[BioC] Distance btw sequences from different sets

Tue Mar 19 04:33:47 CET 2013

Thanks, Kasper, installing it now. b

2013/3/19 Kasper Daniel Hansen <kasperdanielhansen at gmail.com>:
> There is also a recent stringdist package on CRAN.  I have not used it though.
>
> Kasper
>
> On Mon, Mar 18, 2013 at 11:09 PM, Hervé Pagès <hpages at fhcrc.org> wrote:
>> Hi Benilton,
>>
>>
>> On 03/18/2013 05:20 PM, Benilton Carvalho wrote:
>>>
>>> Hi,
>>>
>>> I was wondering what would be the most efficient strategy to get distances
>>> between sequences that belong to two different sets. So far, what I am
>>> doing is:
>>>
>>> library(Biostrings)
>>> set.seed(1)
>>> alph = DNA_ALPHABET[1:4]
>>> set1 = matrix(sample(alph, 30, rep=TRUE), nr=6)

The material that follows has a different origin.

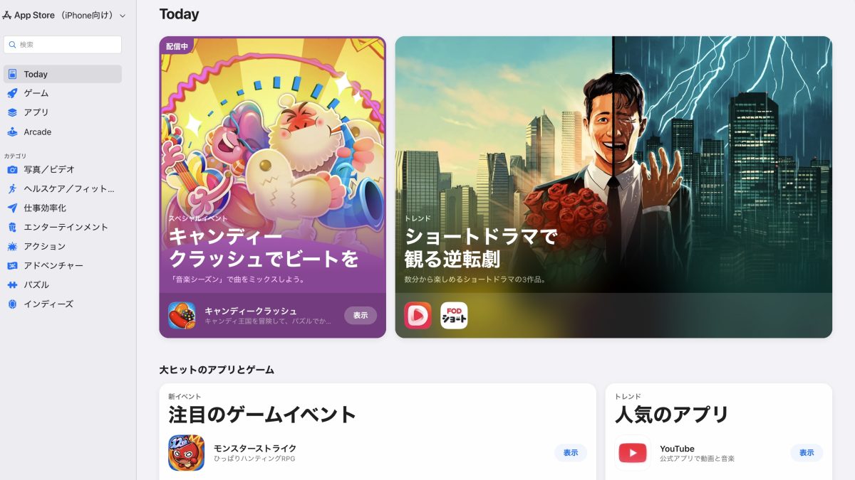新しいウェブ版App Storeには、iPhoneでおなじみの「Today」タブが再現されており、スペシャルイベント、トップチャート、編集チームによる特集などに簡単にアクセスできる。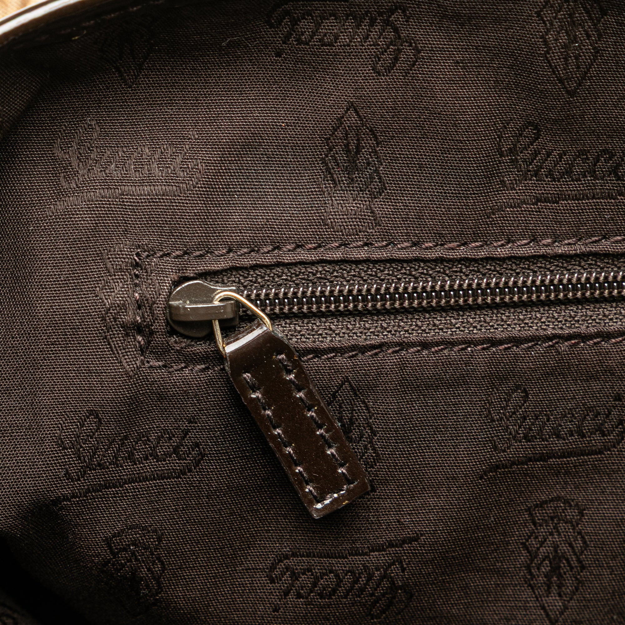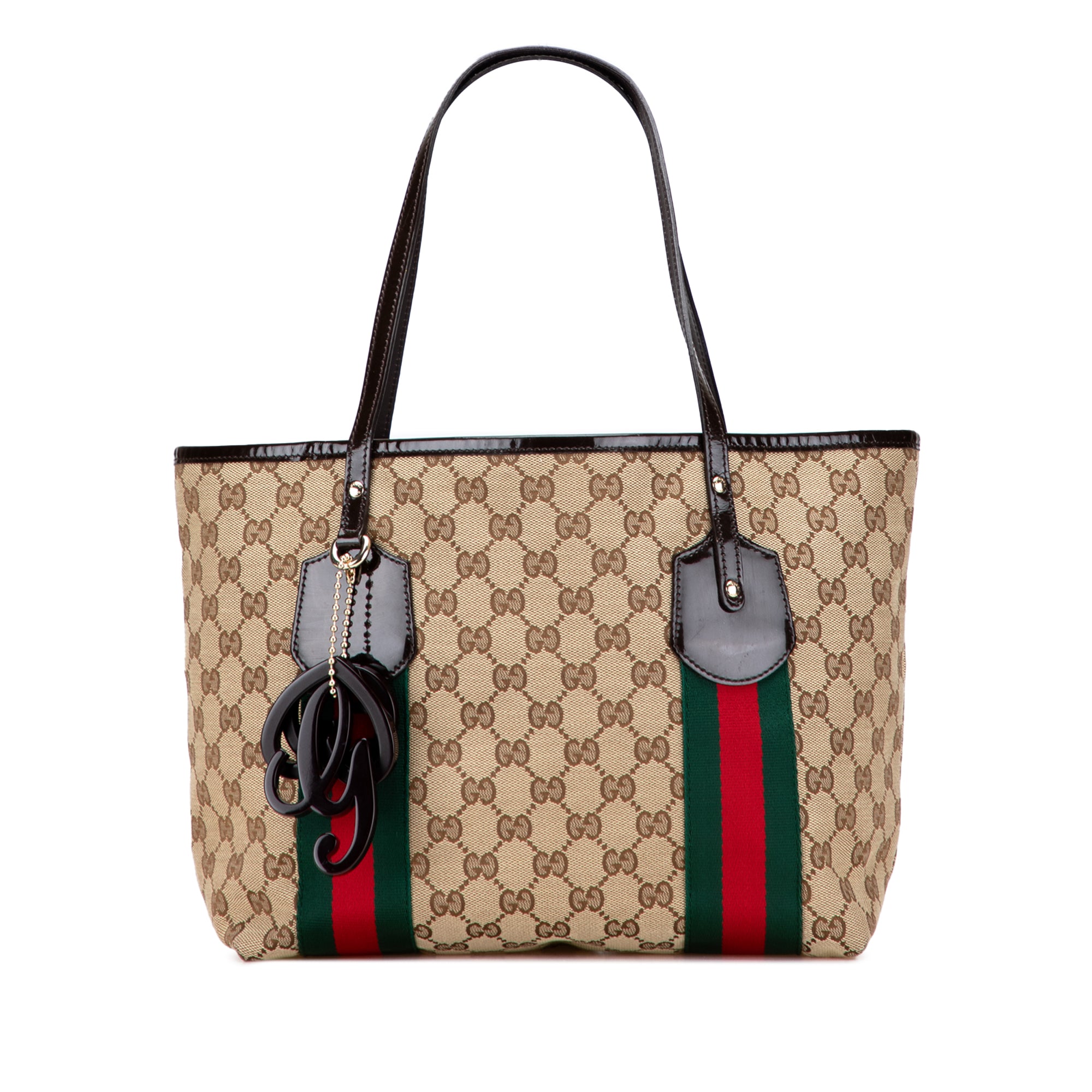 The Jolicoeur tote bag features a canvas body with patent leather trim and web details, flat leather straps, an open top, and interior zip and slip pockets. Retail Price: 990.00

>>> set1 = apply(set1, 1, paste, collapse='')
>>> set2 = matrix(sample(alph, 20, rep=TRUE), nr=4)
>>> set2 = apply(set2, 1, paste, collapse='')
>>> outer(set1, set2, function(x, y) apply(cbind(x, y), 1, stringDist))
>>
>>
>> Note that by default, stringDist() computes the Levenshtein distance
>> aka "the edit distance" between strings. This is controlled via the
>> 'method' argument. With the toy data you generate above, where all
>> the strings have the same length, it often makes sense to use the
>> Hamming distance instead i.e. to count the nb of mismatches between
>> strings. This is of course up to the user.
>>
>> However it's important to keep in mind that computing the Hamming
>> distance is much faster than computing the Levenshtein distance.

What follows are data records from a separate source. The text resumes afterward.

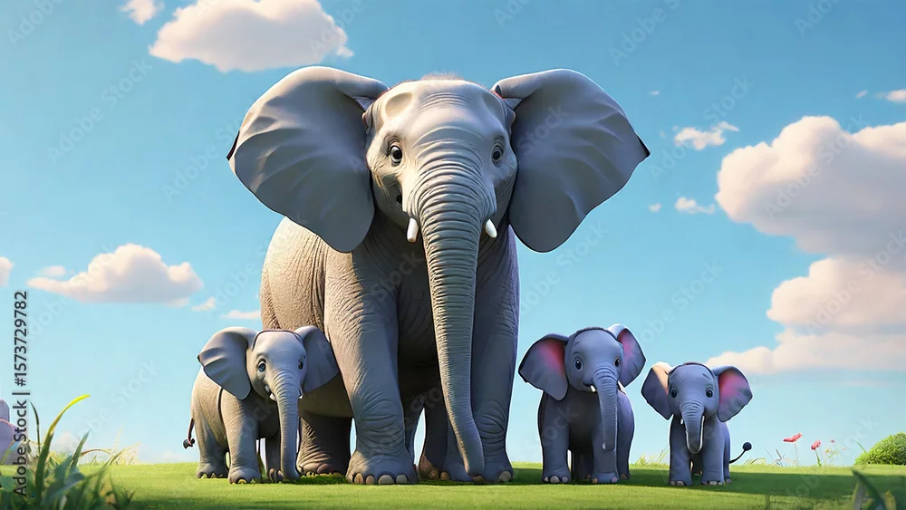 Fototapeta 3D Cartoon Elephant Family Standing on Green Grass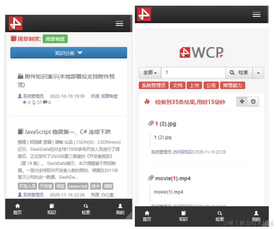 Wcp知识库中的检索为全文检索,既检索范围包括知识标题、标签、正文、作者、分类、附件内容等。同时还支持在结果中进行二次检索或者限定结果知识类型(知识、附件)。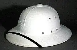 | Pith helmet | A lightweight, rigid, cloth-covered helmet made of cork or pith, with brims front and back. Worn by Europeans in tropical colonies in the 1800s. | |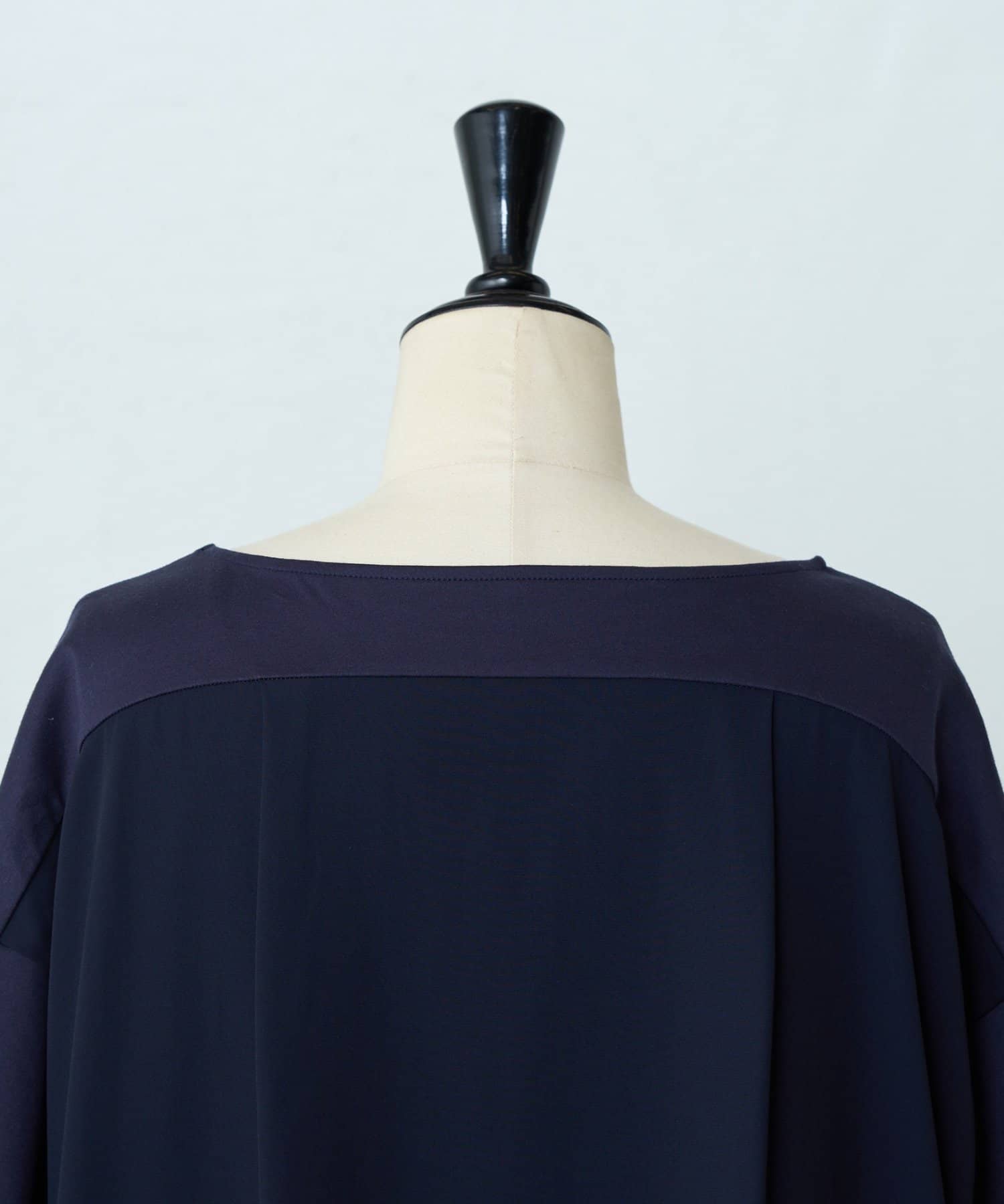 ボトルネックの襟元は、首周りをすっきりと華奢に見せてくれます。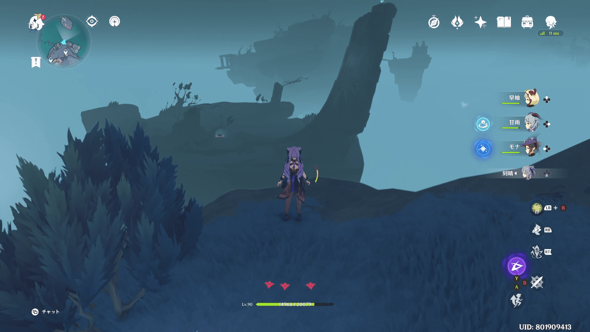 さらに道なりに進むと広場に出て、入口のすぐ左には氷元素で作動する装置があります。

>> No surprise: the algo for computing the former is trivial, but the
>> algo for computing the latter uses a complicated and expensive
>> dynamic programming approach.
>>
>> That being said, and back to your question, if you don't mind
>> calculating a little bit more distances than necessary (and thus
>> also using more memory than necessary), you can call stringDist()
>> on the big set formed by putting the 2 different sets together,
>> and then extract only the part of the big matrix that corresponds
>> to the outer product of the 2 original sets:
>>
>>   outerStringDists1 <- function(x, y, method="levenshtein")
>>   {
>>     d <- stringDist(c(x, y), method=method)
>>     m <- as.matrix(d)[length(x) + seq_along(y), seq_along(x)]
>>     if (storage.mode(m) != storage.mode(d))
>>         storage.mode(m) <- storage.mode(d)
>>     dimnames(m) <- NULL
>>     t(m)
>>   }
>>
>> With this solution, there are more loops (looping happens inside
>> stringDist()) but the looping is much faster (it's done in C).
>> In the best case, i.e. when the 2 sets have the same size, this
>> will be hundred times faster than using outer() + apply(). Also,
>> in that case, the big intermediate matrix will be "only" 4 times
>> bigger than the final matrix, which is probably a price that is
>> OK to pay for that kind of speed-up. Nonetheless the situation
>> will quickly degrade if one set is much bigger than the other,
>> e.g. an order of magnitude bigger or more. For example, it would
>> not be efficient at all to use outerStringDists1() if 1 set had
>> 100k strings and the other 100.
>>
>> If you are in this situation, and if you want to compute the Hamming
>> distance, then here is a solution that uses sapply() over the smallest
>> of the 2 sets:
>>
>>   outerStringDists2 <- function(x, y)
>>   {
>>     if (!is(x, "XStringSet"))
>>         x <- as(x, "XStringSet")
>>     if (!is(y, "XStringSet"))
>>         y <- as(y, "XStringSet")
>>     if (length(x) < length(y))
>>         return(t(outerStringDists2(y, x)))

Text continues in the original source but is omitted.